- Born: Elizabeth Anne Ray 1919 North Carolina, U.S.
- Died: January 10, 1996 (aged 76–77) New York, New York, U.S.
- Education: Palmer Memorial Institute Radcliffe College (BA) New York University (MFA)
- Occupations: dancer, dance teacher, choreographer
- Spouse: William Elliott Williamson
- Relatives: James H. Young (grandfather)
- Career
- Former groups: Alvin Ailey American Dance Theater

= Liz Williamson (dancer) =

American dancer and choreographer

Elizabeth Anne Ray "Liz" Williamson (1919–1996) was an American dancer, dance teacher, and choreographer. She was a member of the Alvin Ailey American Dance Theater and the first artist-in-residence at Jacob's Pillow.

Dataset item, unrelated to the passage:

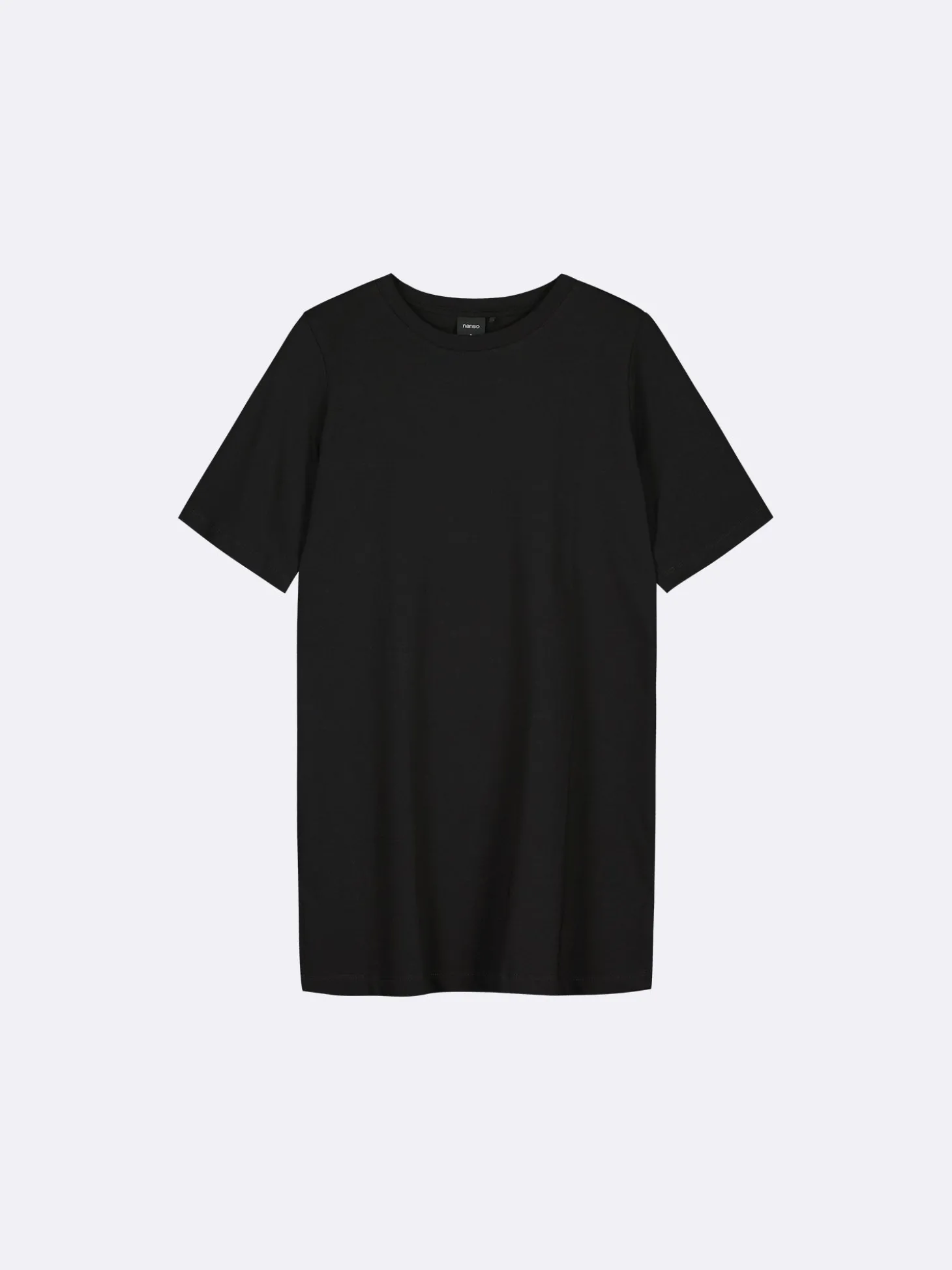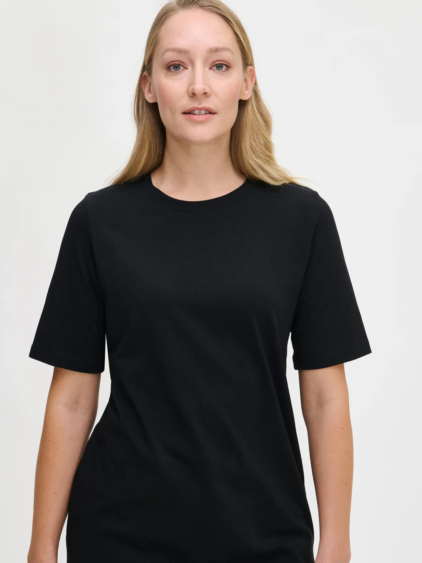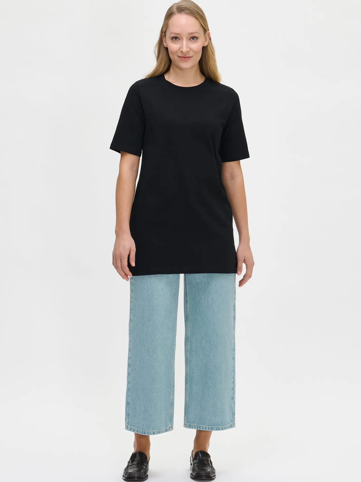 Naisten laadukas pitkä musta Normi-t-paita. Trendikäs pitkä t-paita sopii niin housujen kuin hameidenkin kanssa. Suoralinjaisessa t-paidassa on pyöreä ribbi pääntie, 1/4 pituiset hihat, sivuhalkiot helmassa. T-paidan pituus koossa M on noin 80 cm. Materiaali on 100 % laadukasta luomupuuvillaa, joka pysyy hyvänä käytössä.

== Early life, family, and education ==
Williamson was born in North Carolina in 1919. She was from a prominent African-American family in Raleigh, North Carolina, and was the granddaughter of Colonel James H. Young, who served as an officer Third North Carolina Regiment during the Spanish–American War and was later elected to the North Carolina House of Representatives.

She attended the Palmer Memorial Institute, a school in Sedalia for upper-class African Americans. Williamson graduated with honors from Radcliffe College, where she was a member of Alpha Kappa Alpha and studied romance languages. She earned a master's degree in dance from New York University.

== Career ==
Williamson was a notable African-American dancer. She trained in ballet, modern, and jazz dance. She studied dance with Charles Weidman, Hanya Holm, Martha Hill, Huapala, Martha Graham, and Luigi.

In the 1950s, she performed in the New York City Center 1950s productions of Finian's Rainbow, Carmen Jones, and Faust. She danced in Cape May Playhouse's productions of The Follies of 1910 and The Boy Friend. She also made appearances with YMHA the Merry-Go-Rounders and appeared on The Jackie Gleason Show in 1953, where she performed in a production of Tawny. That same year, Williamson also made an appearance on the The Paul Winchell Show. In 1957, Williamson performed in a production of Green Pastures on NBC.

Williamson was a company member of Alvin Ailey American Dance Theater. In 1958, she performed Blues Suite as a member of Ailey's first company. She was also a solo dancer and nightclub cabaret act.

In 1973, she was the first artist-in-residence at Jacob's Pillow. During her residency, she choreographed The Many Faces of Jazz, a jazz dance piece set on sixty-five dancers.

She served on the faculty at Howard University, the Tuskegee Institute, Bennett College, and the Young Women's Christian Association of Springfield, Massachusetts. She also taught at Ethical Culture Fieldston School and the Dalton School.

== Personal life and death ==
She was married to William Elliott Williamson, whom she met at the Palmer Memorial Institute.

Williamson died on January 10, 1996 at Mount Sinai Hospital in Manhattan.